__Exercise requirements__
Please give the listing underneath again, exactly as shown.
[Provided data Boundary: Start]
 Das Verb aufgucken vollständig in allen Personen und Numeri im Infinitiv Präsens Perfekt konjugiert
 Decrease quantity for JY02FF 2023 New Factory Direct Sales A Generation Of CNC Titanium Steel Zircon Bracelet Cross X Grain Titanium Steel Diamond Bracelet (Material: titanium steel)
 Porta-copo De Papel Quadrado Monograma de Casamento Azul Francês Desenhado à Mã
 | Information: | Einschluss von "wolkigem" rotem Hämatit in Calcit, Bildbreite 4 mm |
[Provided data Boundary: End]
__Task result__
 Das Verb aufgucken vollständig in allen Personen und Numeri im Infinitiv Präsens Perfekt konjugiert
 Decrease quantity for JY02FF 2023 New Factory Direct Sales A Generation Of CNC Titanium Steel Zircon Bracelet Cross X Grain Titanium Steel Diamond Bracelet (Material: titanium steel)
 Porta-copo De Papel Quadrado Monograma de Casamento Azul Francês Desenhado à Mã
 | Information: | Einschluss von "wolkigem" rotem Hämatit in Calcit, Bildbreite 4 mm |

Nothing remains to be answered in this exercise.